_Input records_.
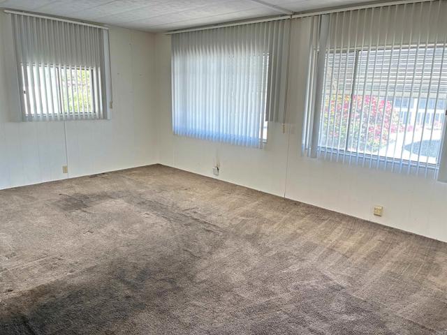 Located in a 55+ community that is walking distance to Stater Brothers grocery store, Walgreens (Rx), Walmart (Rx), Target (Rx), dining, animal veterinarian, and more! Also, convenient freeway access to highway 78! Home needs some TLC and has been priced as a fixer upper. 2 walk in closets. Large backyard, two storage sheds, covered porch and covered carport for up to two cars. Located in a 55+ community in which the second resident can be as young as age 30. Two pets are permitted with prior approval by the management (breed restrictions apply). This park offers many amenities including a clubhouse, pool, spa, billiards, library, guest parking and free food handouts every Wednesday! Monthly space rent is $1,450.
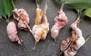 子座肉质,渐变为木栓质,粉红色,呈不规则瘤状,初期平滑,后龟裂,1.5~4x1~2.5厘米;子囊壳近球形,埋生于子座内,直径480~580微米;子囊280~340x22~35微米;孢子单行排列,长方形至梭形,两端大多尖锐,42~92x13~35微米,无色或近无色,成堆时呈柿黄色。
...
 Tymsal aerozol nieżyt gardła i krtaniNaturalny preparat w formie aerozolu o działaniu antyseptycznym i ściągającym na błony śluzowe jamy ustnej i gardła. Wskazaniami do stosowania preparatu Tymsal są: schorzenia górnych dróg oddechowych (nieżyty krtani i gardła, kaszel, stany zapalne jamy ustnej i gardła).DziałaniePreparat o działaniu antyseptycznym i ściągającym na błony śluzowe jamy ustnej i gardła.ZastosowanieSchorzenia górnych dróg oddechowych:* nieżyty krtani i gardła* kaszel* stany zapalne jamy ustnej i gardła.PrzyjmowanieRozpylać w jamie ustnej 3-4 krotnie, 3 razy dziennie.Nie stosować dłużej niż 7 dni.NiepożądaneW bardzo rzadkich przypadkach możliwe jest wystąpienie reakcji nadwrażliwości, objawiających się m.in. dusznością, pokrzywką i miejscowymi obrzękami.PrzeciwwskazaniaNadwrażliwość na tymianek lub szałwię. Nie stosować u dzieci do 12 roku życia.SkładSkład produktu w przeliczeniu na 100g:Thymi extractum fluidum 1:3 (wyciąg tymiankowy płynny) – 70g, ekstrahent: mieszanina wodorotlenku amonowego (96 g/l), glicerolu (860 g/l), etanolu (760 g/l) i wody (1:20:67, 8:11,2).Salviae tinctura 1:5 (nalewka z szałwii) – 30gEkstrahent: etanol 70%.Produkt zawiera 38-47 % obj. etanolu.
...
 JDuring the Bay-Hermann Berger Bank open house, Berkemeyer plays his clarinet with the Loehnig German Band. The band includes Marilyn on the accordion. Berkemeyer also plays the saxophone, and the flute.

_Exercise description_. From the records above, give again only the part that opens with the line containing "Located in a 55+ community that" and closes with the line containing "子座肉质,渐变为木栓质,粉红". Keep both ends but drop the pictures.

_Written solution_.
 Located in a 55+ community that is walking distance to Stater Brothers grocery store, Walgreens (Rx), Walmart (Rx), Target (Rx), dining, animal veterinarian, and more! Also, convenient freeway access to highway 78! Home needs some TLC and has been priced as a fixer upper. 2 walk in closets. Large backyard, two storage sheds, covered porch and covered carport for up to two cars. Located in a 55+ community in which the second resident can be as young as age 30. Two pets are permitted with prior approval by the management (breed restrictions apply). This park offers many amenities including a clubhouse, pool, spa, billiards, library, guest parking and free food handouts every Wednesday! Monthly space rent is $1,450.
 子座肉质,渐变为木栓质,粉红色,呈不规则瘤状,初期平滑,后龟裂,1.5~4x1~2.5厘米;子囊壳近球形,埋生于子座内,直径480~580微米;子囊280~340x22~35微米;孢子单行排列,长方形至梭形,两端大多尖锐,42~92x13~35微米,无色或近无色,成堆时呈柿黄色。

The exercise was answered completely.